STHS’ initiative aims to improve alignment of medical care received with the care desired by this marginalized, rural population. The goal is to improve integration of advanced care planning (ACP) services within the acute and post-acute settings for these communities. This included having the palliative care team broadening their scope to create a more comprehensive service, spearheading the standardization of ACP documentation.
Tufts Medical Center and Merrimack Valley Hospice
“Overcoming End of Life Disparities through Community Engagement and Education”
This innovative community outreach initiative between Tufts Medical Center palliative care and Merrimack Valley Hospice successfully engaged the Boston elderly Chinese American community conversation around serious illness, advance care planning, and end of life.
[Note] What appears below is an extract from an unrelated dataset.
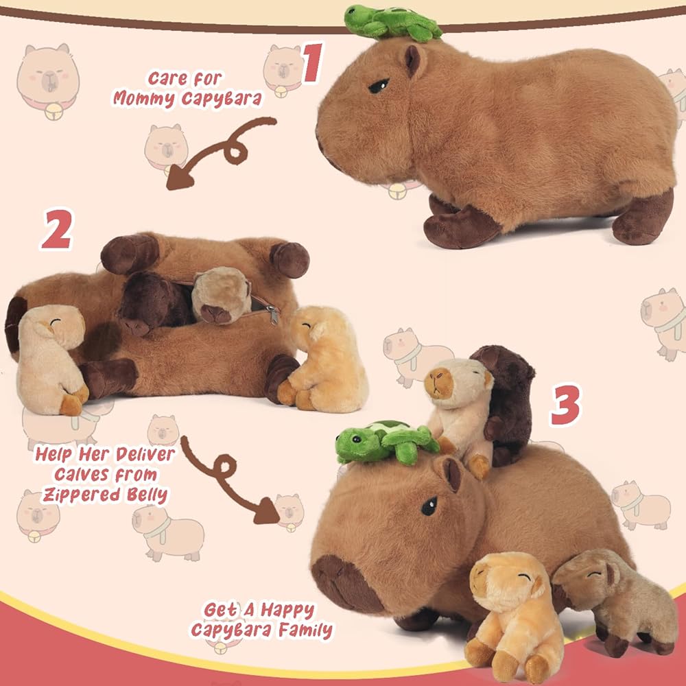 【Zipper Design】: Soft stuffed animal capybara plushie has a surprise in her tummy. When kids open the zipper, they will be surprised to find four cute baby capybara inside. The zipper design makes the capybara toy easier to carry and store without taking up too much space.

The palliative care team at Tufts started by identifying and addressing disparities in end of life care for traditionally underrepresented populations – through education specific to serious illness, such as cancer, end of life care and planning, and grief and bereavement. Through the early identification of the local Chinese-American immigrant community, the team fostered civic learning, completed a needs assessment, and educated and engaged the population in their health care.
This initiative enabled Chinese American community members and medical providers to engage in dialogue around sensitive/taboo topics, and represents a successful collaboration between a palliative care program and community-based non-profit organization serving elderly population in Boston’s Chinatown.